Let's break down the questions and the explanations given by "drwls" in the post.
For question #2, drwls used the formula "8.0 m = (Vo^2 / g) * sin(2A)" to solve for the takeoff speed (Vo).
In this formula:
- "Vo" represents the takeoff speed, which is what we are trying to find.
- "g" represents the acceleration due to gravity.
- "A" represents the angle at which the long jumper leaves the ground, which is 45 degrees in this case.
- The sin(2A) term accounts for the fact that the jumper's motion can be split into a vertical component and a horizontal component, with the takeoff angle being double the angle measured from the horizontal.
Now, let's move on to question #1. To find the horizontal distance traveled before the ball lands on the building, drwls used the value of "27/sqrt2" for both the horizontal velocity (Vx) and vertical velocity (Voy) components.
In this case:
- "27" represents the initial speed of the ball.

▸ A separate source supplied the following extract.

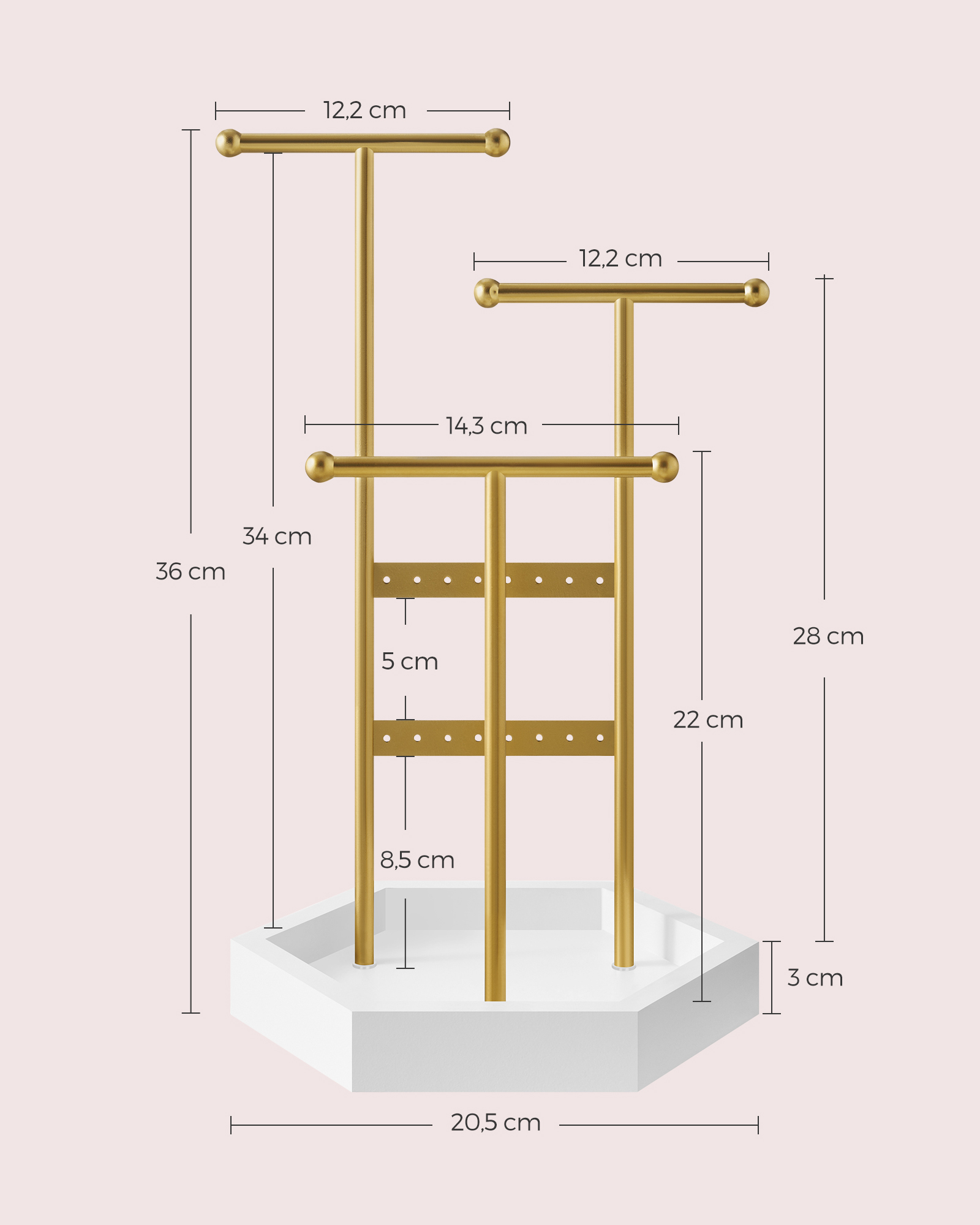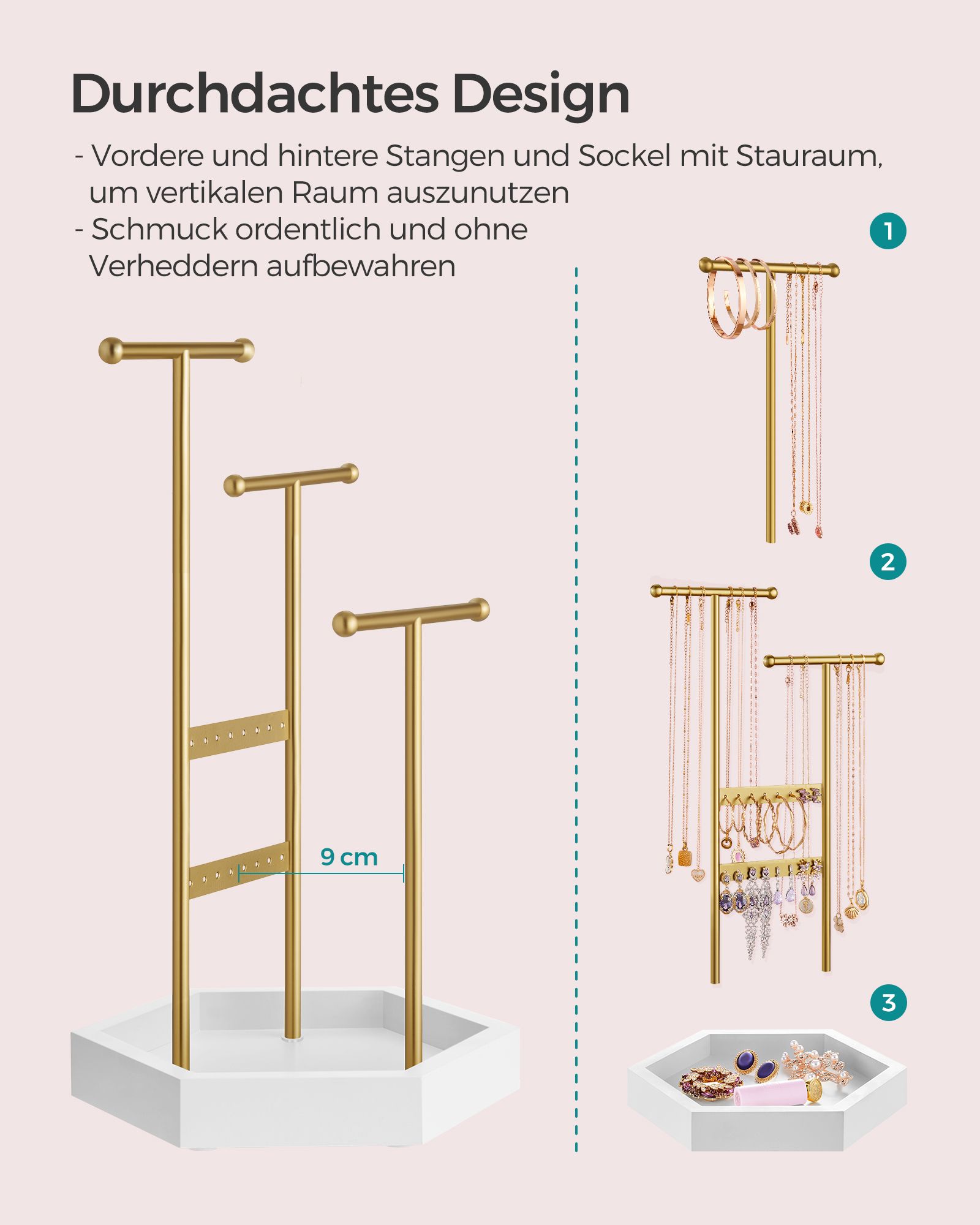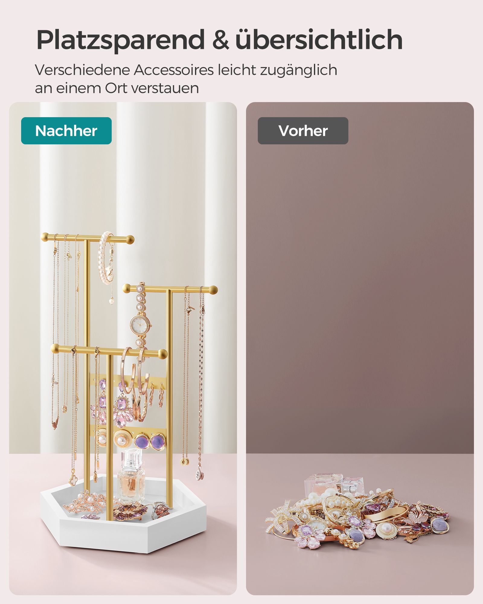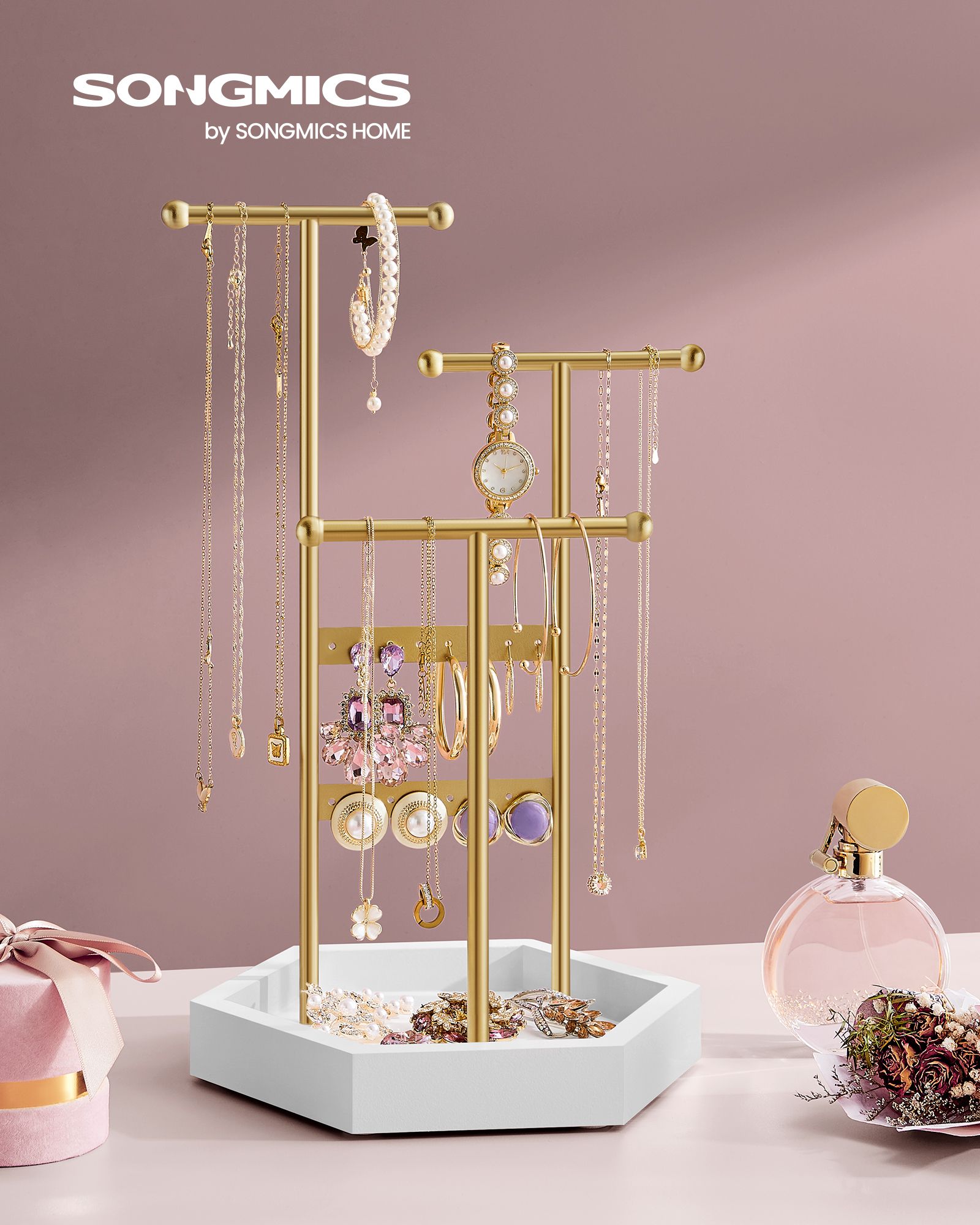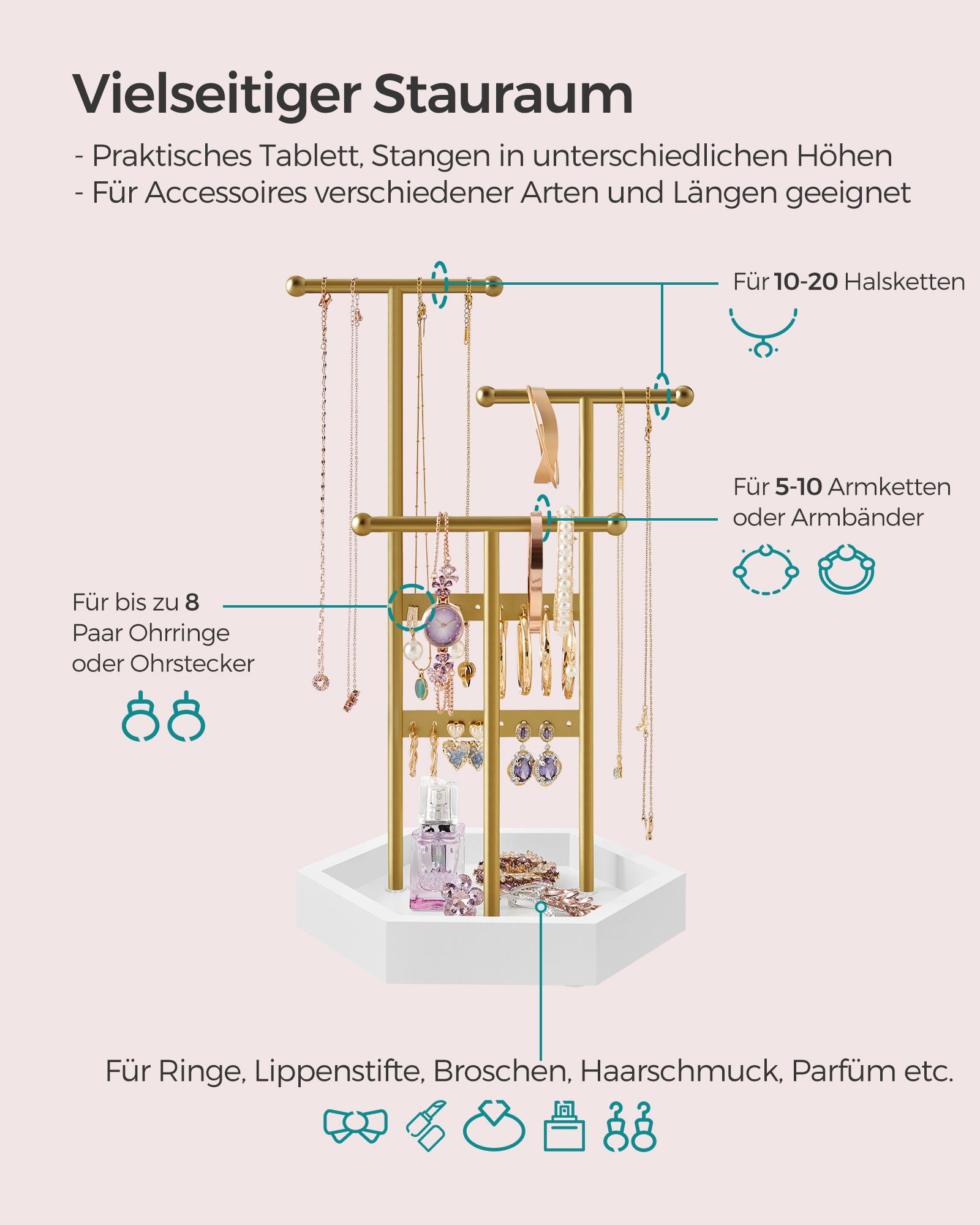 SONGMICS koruteline, koruteline, 4 erillistä osastoa, metallinen korvakoruteline, korujen säilytys kaulakoruille, rannekoruille ja korvakoruille, lahjaidea

- "sqrt2" is the square root of 2, which appears because the ball is launched at a 45-degree angle, and the horizontal and vertical velocities are equal.
To find the time of flight (t), drwls used the equation "Y = 1 + Voy * t - (g/2) * t^2 = 13" and solved for "t". "Y" represents the initial height of the ball, which is 1 meter above the ground, and "13" is the height of the roof.
To find the horizontal distance (X), drwls used the equation "X = Vx * t", which simply represents the distance traveled in the horizontal direction during the time "t" obtained earlier.
Finally, for question #3, drwls suggested that you use what you have learned from the previous questions and try to solve it yourself. However, you mentioned that you still need help with this question. Could you provide more details about what specifically you are struggling with in question #3?